The core questions I ran through:
I mapped two parallel user journeys in Figma whiteboard by categorizing guests browsing to book, and property owners evaluating whether to host. The key insight that came out of this mapping: these two audiences were being served by the same homepage without any deliberate split. Neither felt like the site was speaking to them specifically.
The user flow restructured the homepage architecture around that dual-audience reality before any visual design began. Mobile breakpoints were designed first throughout every frame started at 375px and expanded outward, never the other way around.
Because this project was a Figma-to-Wix handover rather than a custom build, the full timeline sat within design three weeks of hi-fi design, component definition, and prototype handover with detailed annotations for implementation.


Brand Guidelines
The refresh maintained Airstay's existing brand recognition while giving it a more polished, travel-platform feel.
Color: Kept the established Airstay palette as the anchor, then tightened the application, more white space, more breathing room, color used intentionally for CTAs and trust signals rather than decoration.
Typography: Cleaner hierarchy across headings and body copy. Property names, locations, pricing, and bedroom counts all needed to be scannable at mobile size so the typographic scale was recalibrated for that context first.
Photography: The brand's strongest asset was always the property photography.
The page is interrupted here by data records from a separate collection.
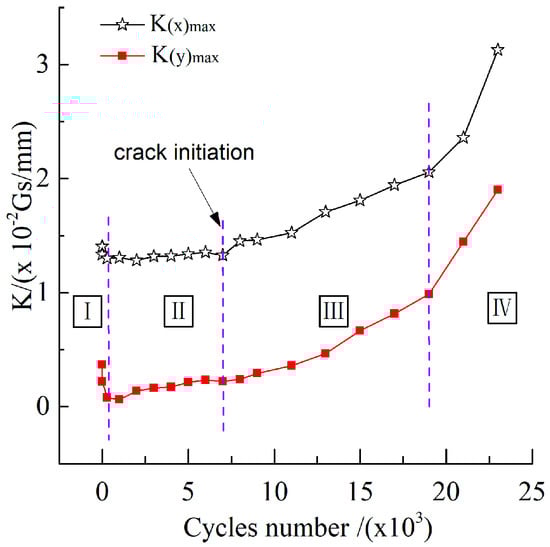 As shown in Figure 14 and Figure 15, the variation of Hp(x)min, K(x)max and K(y)max at different fatigue cycles could be divided into four stages:
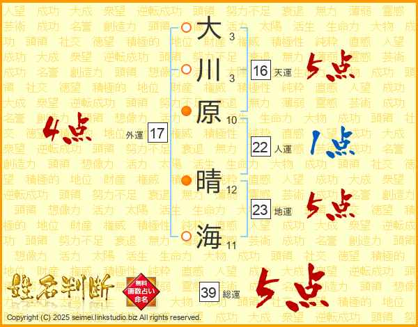 大(3画)川(3画)原(10画) 晴(12画)海(11画)
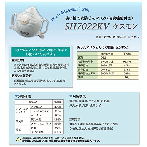 - 【注意点】ケスモン?は東亞合成株式会社の登録商標です。 マスクに表示されている使用限度時間とは、粉じん等の捕集に対しての時間であり、消臭性能を示すものありません。
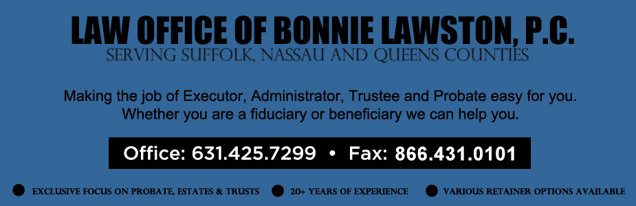 The Law Office of Bonnie Lawston, P.C., focuses exclusively on New York probate, estate and trust administration. More then 20 years of experience in probate matters from both sides of the fence, gives you a distinct advantage in handling your loved one’s estate or maximizing your inheritance by protecting your rights against the abuse of a fiduciary. We serve clients across the U.S. and outside the U.S. Home consultations are available. Find out how you can benefit from our experience. Law is in our name for a reason.
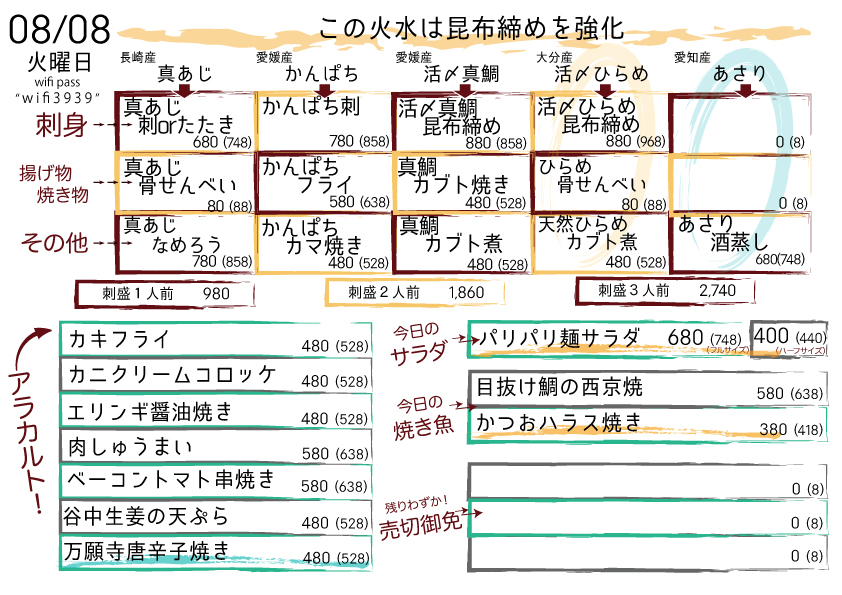 本日の日替りメニュー
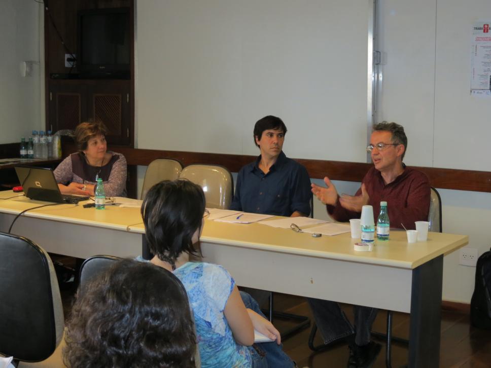 Mesa composta pela profa. Mirta Lobato, pelo mediador prof. Leonardo Pereira e pelo prof. Sidney Chalhoub no workshop da Rede de História Social e Cultural do Trabalho na Argentina e no Brasil.

The redesign built every layout around showcasing it full-bleed cards, generous image ratios, and minimal UI chrome so the spaces could speak for themselves.
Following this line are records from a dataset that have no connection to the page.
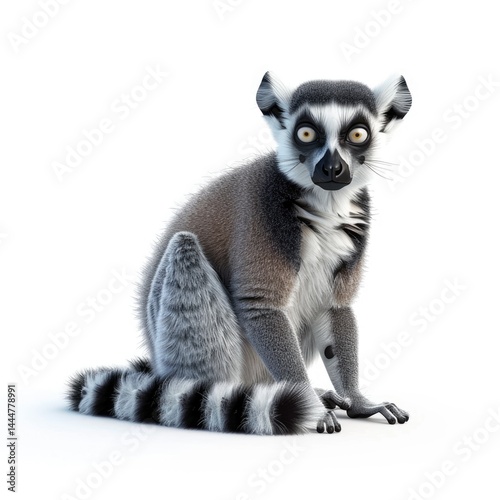 three-dimensional, sticker, cute, rendering, lemur, primate, mammal, animal, wildlife, zoology, nature, fauna, rainforest, forest, africa, madagascar, sitting, seated, pose, portrait, isolated, studio, photo, image, digital, graphic, design, grey, white, black, fur, tail, eye, face, adorable, mammalian, closeup, conservation, endangered, species, exotic, beautiful
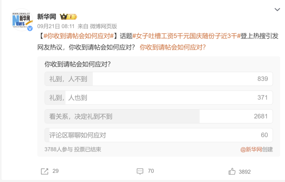 近日“大学生蹭酒席随礼100元被指太少”“女子吐槽工资5千元国庆随份子近3千”等话题冲上热搜,再次引起了网友对“随份子”的强烈热议。
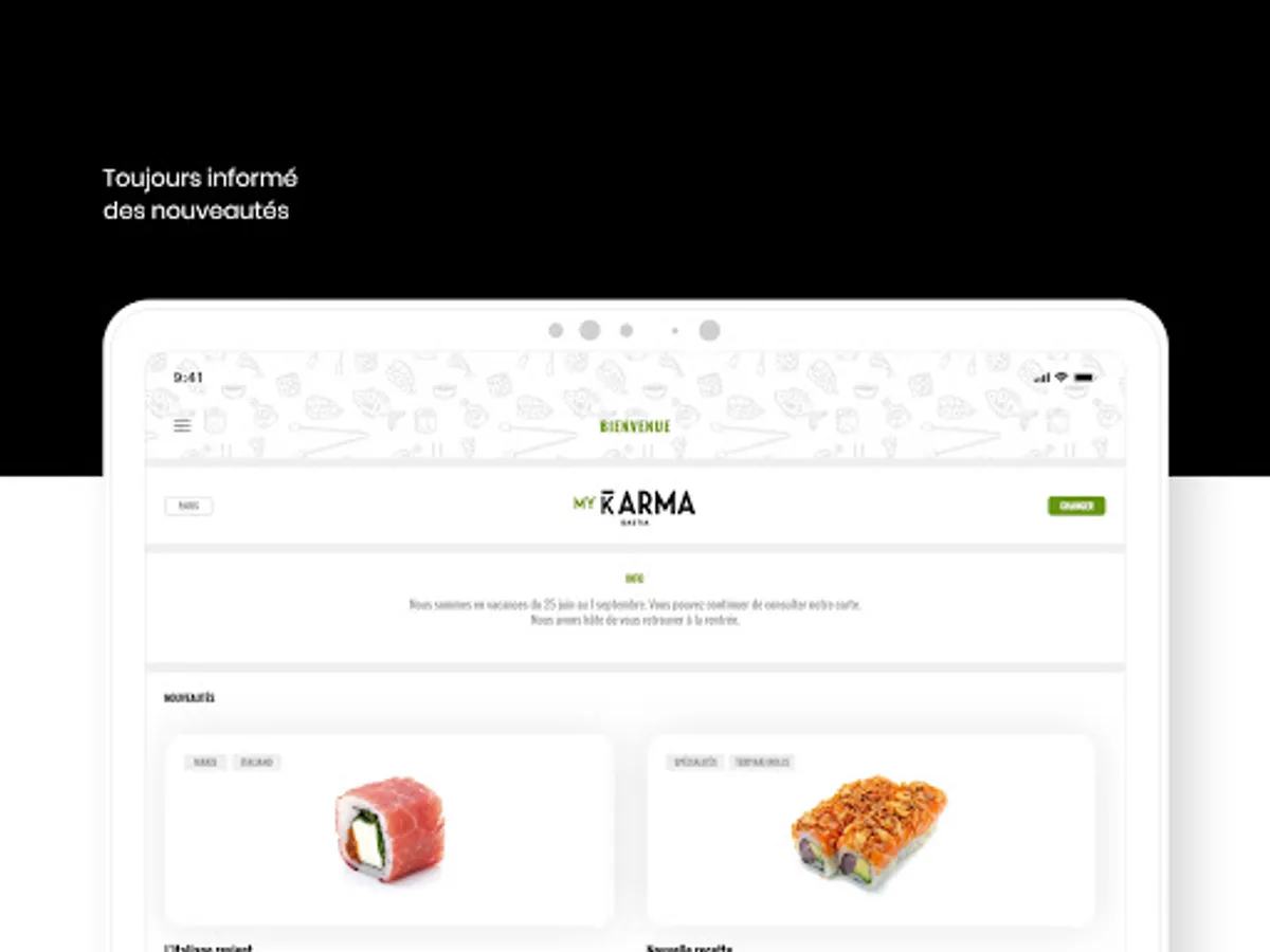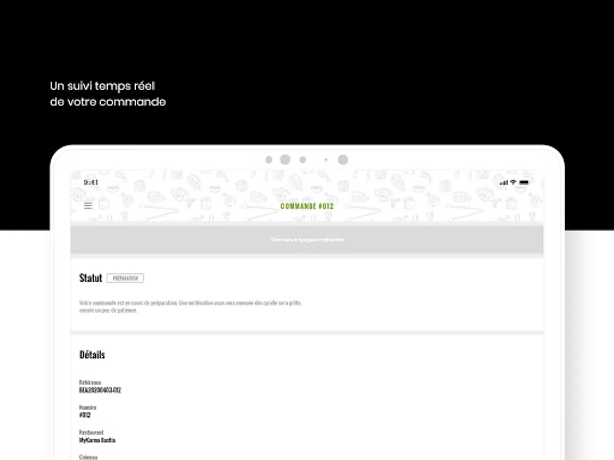 The MyKarma application allows you to order your favorite dishes in a few clicks and follow the progress of your order in real time.

Tone: Warm and discovery-oriented for guests. Confident and results-driven for hosts. The two voices coexist on the platform without clashing because they're directed at different sections.

Tools I Used
The entire design process lived in Figma, lo-fi wireframes to map the dual-audience structure, hi-fi screens for every breakpoint starting at mobile, interactive prototypes for client walkthroughs, and a component library that made the Wix handover seamless. Gemini supported the workflow during content ideation, helping me move quickly through copy variations for the guest and host sections without losing the brand voice. Notion kept the two-week timeline on track, UX planning, pain point documentation from the discovery session, and task management that gave the client visibility into progress at every stage.
The Outcome
The refreshed platform launched and the results came through in the client's own words and a positive customer feedback that had never been that good before, and a measurable improvement in sales revenue following the redesign. For a brand that wasn't in crisis to begin with, that's a meaningful signal: the refresh didn't just maintain trust, it built on it.
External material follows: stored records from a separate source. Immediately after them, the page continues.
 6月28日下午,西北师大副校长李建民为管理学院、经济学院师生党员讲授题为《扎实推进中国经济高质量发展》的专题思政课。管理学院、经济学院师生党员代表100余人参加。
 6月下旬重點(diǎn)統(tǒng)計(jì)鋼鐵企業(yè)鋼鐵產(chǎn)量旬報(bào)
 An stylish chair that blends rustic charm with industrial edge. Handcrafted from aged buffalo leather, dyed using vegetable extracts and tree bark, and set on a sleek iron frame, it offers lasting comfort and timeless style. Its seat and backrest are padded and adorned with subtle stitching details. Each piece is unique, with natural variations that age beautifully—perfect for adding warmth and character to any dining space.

Post-launch Results (vs. baseline)
| Metric | Baseline | After Launch | Change |
|---|---|---|---|
| Mobile session duration | 58s | 2m 17s | +136% |
| Mobile bounce rate | 74% | 41% | −45% |
| Host inquiry form completion | 16% | 38% | +138% |
| Guest booking click-through | 19% | 44% | +132% |
| Return visitor rate | 23% | 41% | +78% |
What I Took From This
What this project proved is that a brand refresh is a balance act where the goal isn't to impress the client with how different you can make something look, but to make it noticeably better while still feeling like theirs. The mobile-first constraint was actually a creative advantage: designing for the smallest screen first forced every decision to be intentional, and the desktop layout benefited from that discipline rather than the other way around. Expanding the service architecture was also a reminder that UX isn't just about making existing things easier to use, sometimes the most impactful design decision is surfacing value that was already there but completely invisible to the user.